REQUIRED WORK: Copy out the data word for word, without any of its pictures.

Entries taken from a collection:
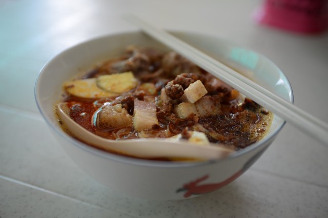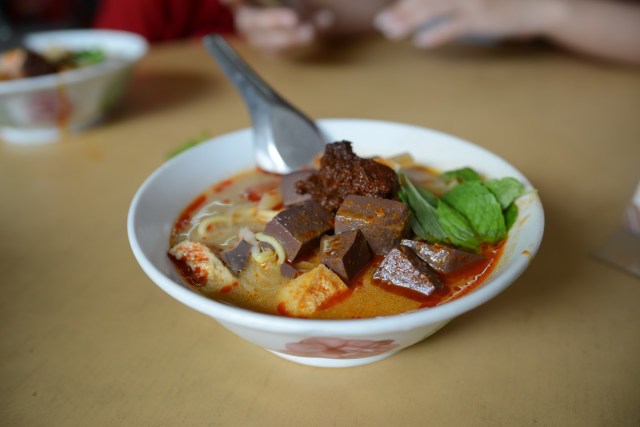 In Penang, kway chap is served with oodles of flat noodles basking in a robust and rich braised duck broth studded with shredded duck meat and pig innards (skin, blood, belly and intestines). For the best, look no further than Mr Poh’s Duck Kuay Chap (Restoran Kimberly, 137 Lebuh Kimberley; 6.35pm to 11pm; closed on Thursdays). Here, every mouthful of the velvety flat noodles accompanied by slices of the accompanying goodies was a cholesterol-busting delight. Note that this stall operates only at night and is located on the same stretch as Tua Pui Curry Mee.
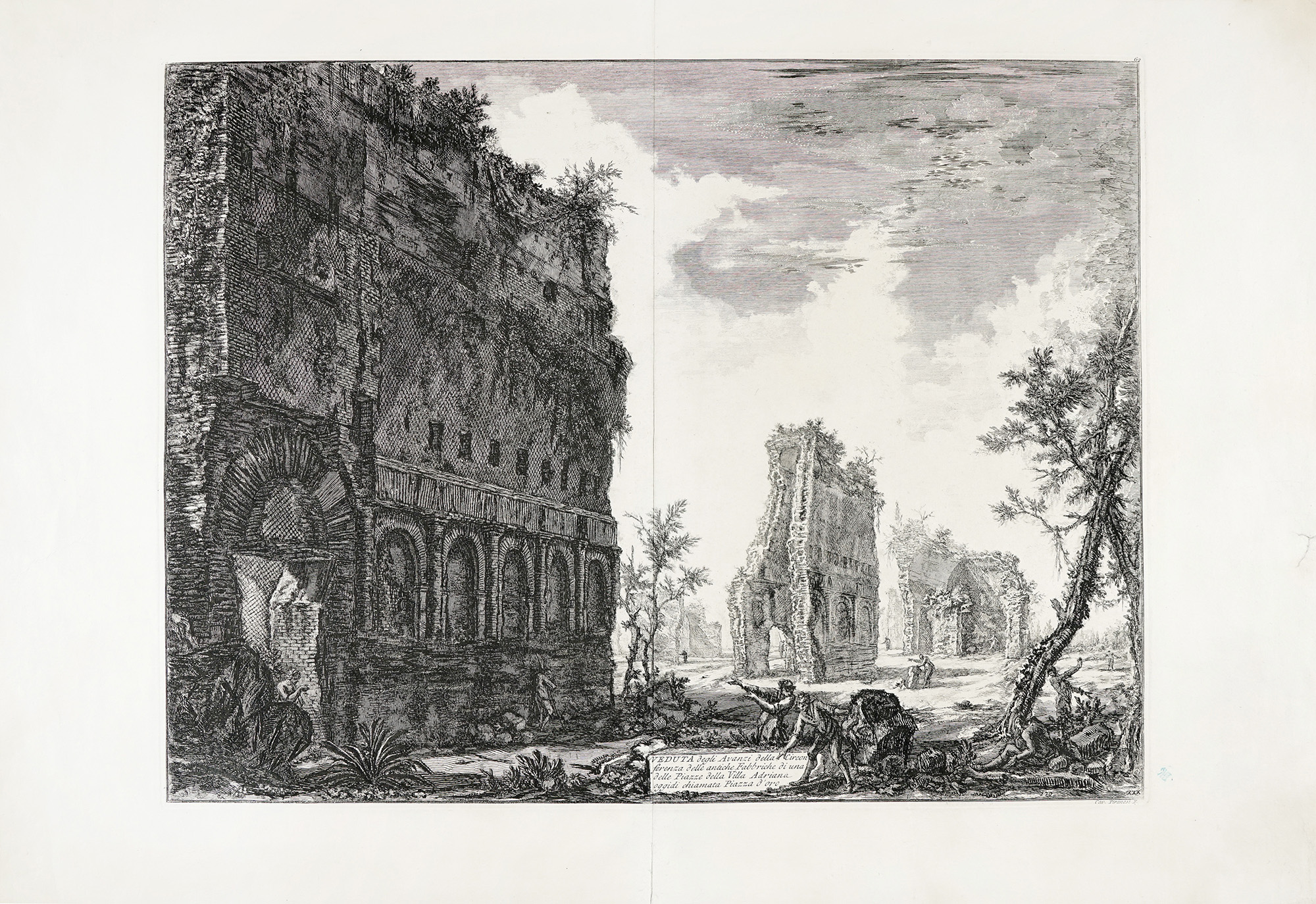 Acquaforte. mm 474x623. Foglio: mm 594x873. Focillon, 846. Hind, 132. Con la firma al margine inferiore a destra. Dalle Vedute di Roma, serie in 135 lastre alla quale Piranesi iniziò a lavorare dal 1748 e che continuò ad accrescere con nuove tavole per tutto l'arco della sua vita. Ottima prova nel III stato di 4 (I edizione di Parigi), con i numeri "129 XXX" sulla lastra in basso a destra, e il numero "62" all'angolo in alto dallo stesso lato. Carta vergellata con filigrana lettere "TF" (Robison, 93) segnalata per la I edizione parigina. Al margine inferiore a destra marchio a inchiostro blu della collezione del conte Nicolas Aleksandrovitch Kouchelev-Bezborodko (Saint-Pétersbourg, 1834-1862) (Lugt,1629). (1) Foglio integro con margini come in origine. Piega di legatura in verticale al centro aperta in basso per breve tratto e con brachetta al verso. Strappo a metà dell'estremità destra riparato al verso con nastro di carta.
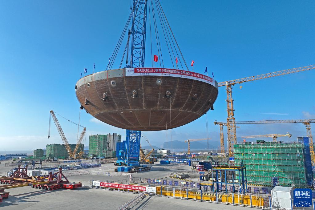 浙江三門(mén)核電二期工程4號機組核島鋼制安全殼底封頭吊裝就位
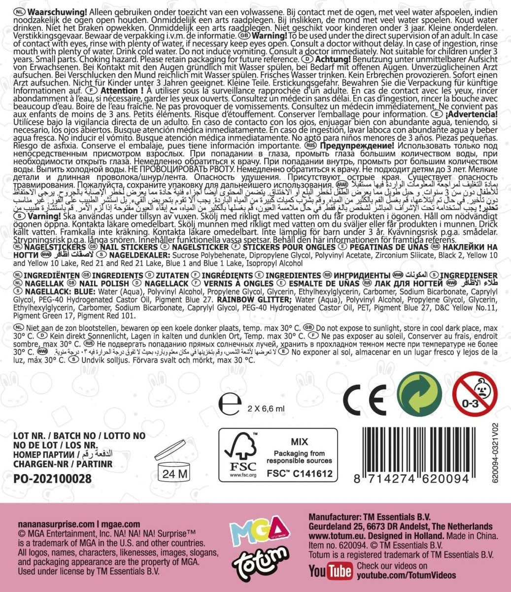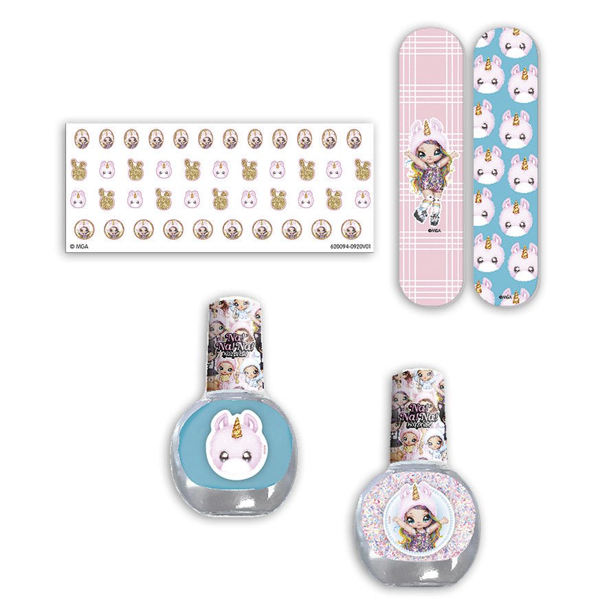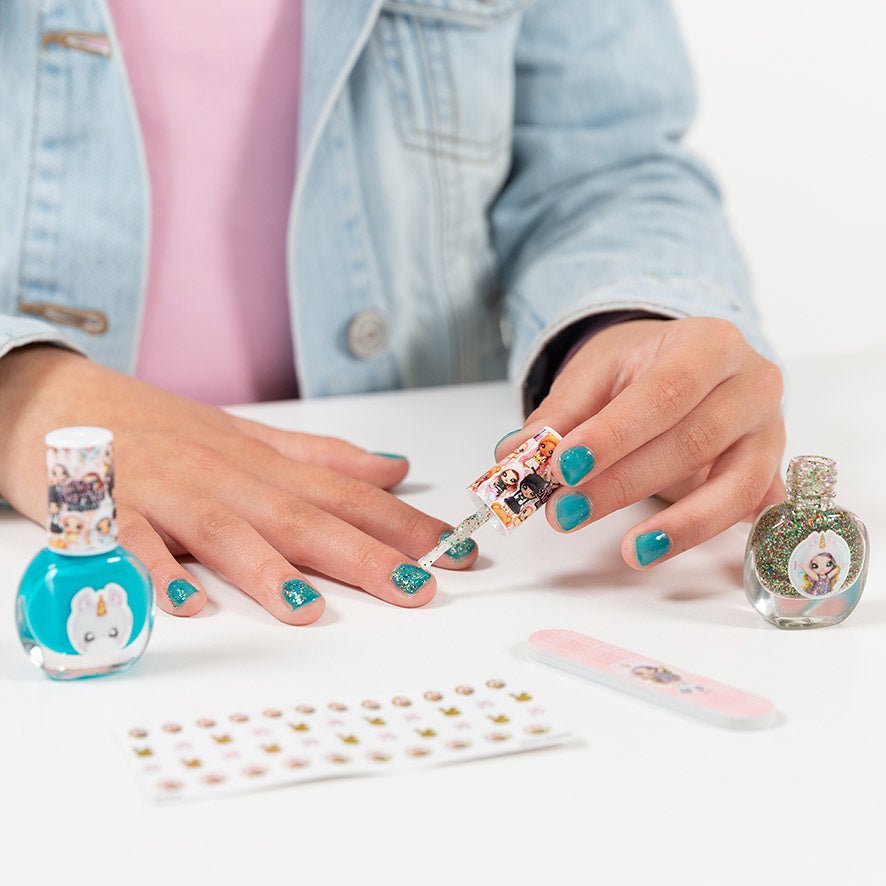 ¡Guau! ¡Con este set de decoración de uñas de Britney & belleza de unicornio basado en las muñecas coleccionables más monas de NaNaNa! más bonitas, serás el centro de todas las miradas. Aplica los adhesivos entre la capa inferior y la superior de purpurina para obtener los mejores resultados. El set con 2 frascos de lima de esmalte de uñas y pegatinas se presenta en una bolsa de mano transparente súper mona con un mini pompón. y disponible en 3 combinaciones de colores: Aspen con purpurina perla/azul, Britney con purpurina azul claro multicolor, y Sarah con purpurina rosa claro/oro. Pon bonitas tus uñas junto a tus amigas y colecciónalas todas.
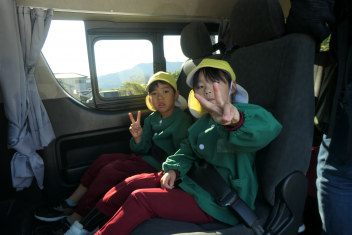 バスの時間まで余裕があったため、大きなイチョウの木の下で落ち葉を拾って楽しみました
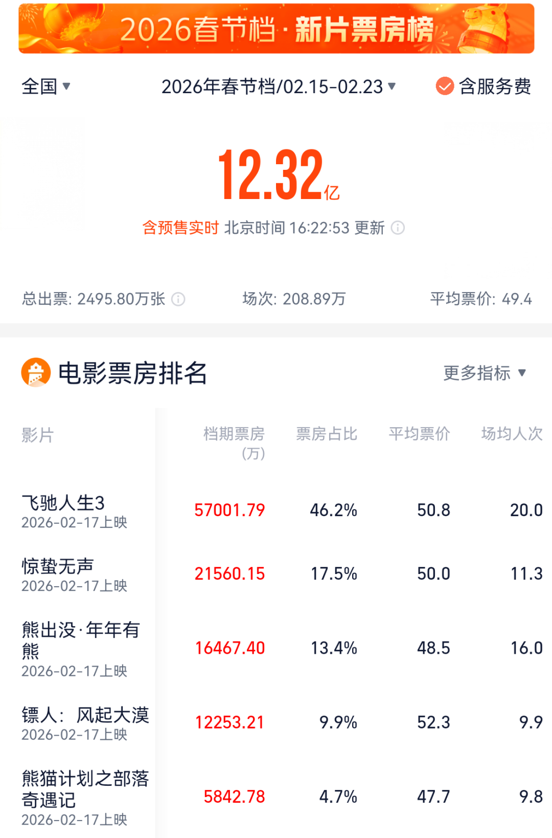 暂列春节档票房榜首位
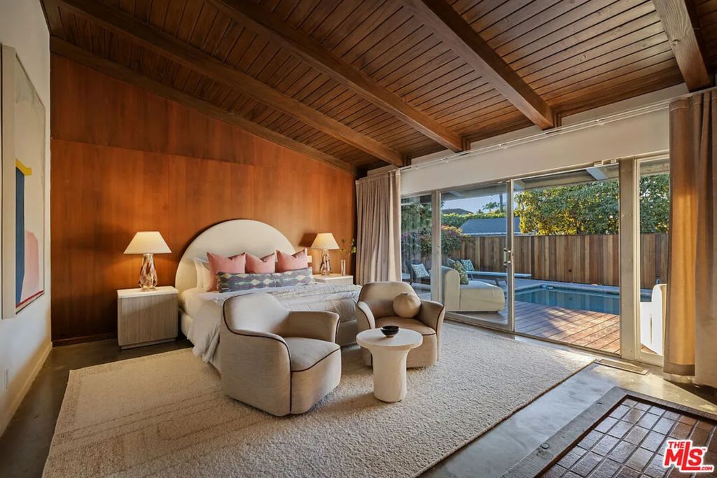 The primary suite in the Colman Domingo Downey home serves as a private sanctuary that embodies the essence of midcentury design. Exposed beams, wood-paneled walls, and direct access to the pool deck create a seamless connection between indoor comfort and outdoor relaxation.

YOUR SOLUTION:
 In Penang, kway chap is served with oodles of flat noodles basking in a robust and rich braised duck broth studded with shredded duck meat and pig innards (skin, blood, belly and intestines). For the best, look no further than Mr Poh’s Duck Kuay Chap (Restoran Kimberly, 137 Lebuh Kimberley; 6.35pm to 11pm; closed on Thursdays). Here, every mouthful of the velvety flat noodles accompanied by slices of the accompanying goodies was a cholesterol-busting delight. Note that this stall operates only at night and is located on the same stretch as Tua Pui Curry Mee.
 Acquaforte. mm 474x623. Foglio: mm 594x873. Focillon, 846. Hind, 132. Con la firma al margine inferiore a destra. Dalle Vedute di Roma, serie in 135 lastre alla quale Piranesi iniziò a lavorare dal 1748 e che continuò ad accrescere con nuove tavole per tutto l'arco della sua vita. Ottima prova nel III stato di 4 (I edizione di Parigi), con i numeri "129 XXX" sulla lastra in basso a destra, e il numero "62" all'angolo in alto dallo stesso lato. Carta vergellata con filigrana lettere "TF" (Robison, 93) segnalata per la I edizione parigina. Al margine inferiore a destra marchio a inchiostro blu della collezione del conte Nicolas Aleksandrovitch Kouchelev-Bezborodko (Saint-Pétersbourg, 1834-1862) (Lugt,1629). (1) Foglio integro con margini come in origine. Piega di legatura in verticale al centro aperta in basso per breve tratto e con brachetta al verso. Strappo a metà dell'estremità destra riparato al verso con nastro di carta.
 浙江三門(mén)核電二期工程4號機組核島鋼制安全殼底封頭吊裝就位
 ¡Guau! ¡Con este set de decoración de uñas de Britney & belleza de unicornio basado en las muñecas coleccionables más monas de NaNaNa! más bonitas, serás el centro de todas las miradas. Aplica los adhesivos entre la capa inferior y la superior de purpurina para obtener los mejores resultados. El set con 2 frascos de lima de esmalte de uñas y pegatinas se presenta en una bolsa de mano transparente súper mona con un mini pompón. y disponible en 3 combinaciones de colores: Aspen con purpurina perla/azul, Britney con purpurina azul claro multicolor, y Sarah con purpurina rosa claro/oro. Pon bonitas tus uñas junto a tus amigas y colecciónalas todas.
 バスの時間まで余裕があったため、大きなイチョウの木の下で落ち葉を拾って楽しみました
 暂列春节档票房榜首位
 The primary suite in the Colman Domingo Downey home serves as a private sanctuary that embodies the essence of midcentury design. Exposed beams, wood-paneled walls, and direct access to the pool deck create a seamless connection between indoor comfort and outdoor relaxation.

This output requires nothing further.